Response 4: Thank you for your suggestion. We have thoroughly revised introduction section of the manuscript (line 32-81) and can confirm that it does not contain any information regarding the results or conclusions of the presented research. We have made sure to adhere strictly to your feedback and focus solely on providing background information, outlining the significance of the research topic, and clearly stating the research aim and scope.

 Comments 5: Authors are inconsequent in the use of abbreviations. At first use, the abbreviation should be explained and then used consistently throughout the manuscript.

Response 5: Thank you for your suggestion. We appreciate your attention to detail and the consistency in the use of abbreviations throughout the manuscript. We have made the necessary corrections in the revised manuscript. All abbreviations are now explained at their first use and used consistently thereafter to enhance clarity and readability. Reviewer’s comment has been instrumental in improving the quality of our manuscript.

Comments 6: Please provide the total number of mice used in the study.

Response 6: Thank you for your comment. We used a total of 80 mice throughout the entire experiment. After behavioral experiments with mice, tissues were collected for biochemical analyses such as Western blotting, qPCR, and immunofluorescence. We aim to minimize the number of mice used in experiments while achieving our research objectives. The specific number of mice used in each experiment is detailed in the figure legends. If you need any further clarification or information, please feel free to let us know.
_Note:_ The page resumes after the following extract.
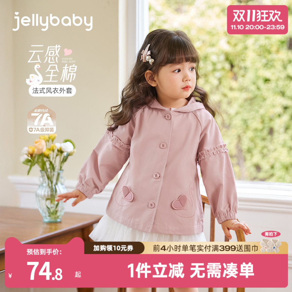 [纯棉抗菌]女童秋装2025新款风衣宝宝法式连帽洋气上衣秋儿童外套

Comments 7: Was each animal used only once in the study?

Response 7: Thank you for your comment. No, Some mice underwent multiple experiments. For instance, after completing behavioral experiments with mice (Figure 1), brain tissues were collected for biochemical analyses such as Western blotting, qPCR, and immunofluorescence. We aim to minimize the number of mice used in experiments while achieving our research objectives.

Comments 8: Please provide the manufacturer (company name, city, country, catalog number (if applicable)) of all substances/equipment/software used in experiments.

Response 8: Thank you for your valuable suggestion. We appreciate your attention to detail regarding the documentation of substances, equipment, and software used in our experiments. In the revised manuscript, we have endeavored to provided the manufacturer's information, including company name, city, country, and catalog number (if applicable), for all substances, equipment, and software used in the Materials and Methods section (line 82-236). Your suggestion has been instrumental in enhancing the completeness and transparency of our research.

Comments 9: Why were only male mice used in studies? Gender difference is known to impart differences in behavioral patterns in humans as well as in rodents. Please address this point in the manuscript.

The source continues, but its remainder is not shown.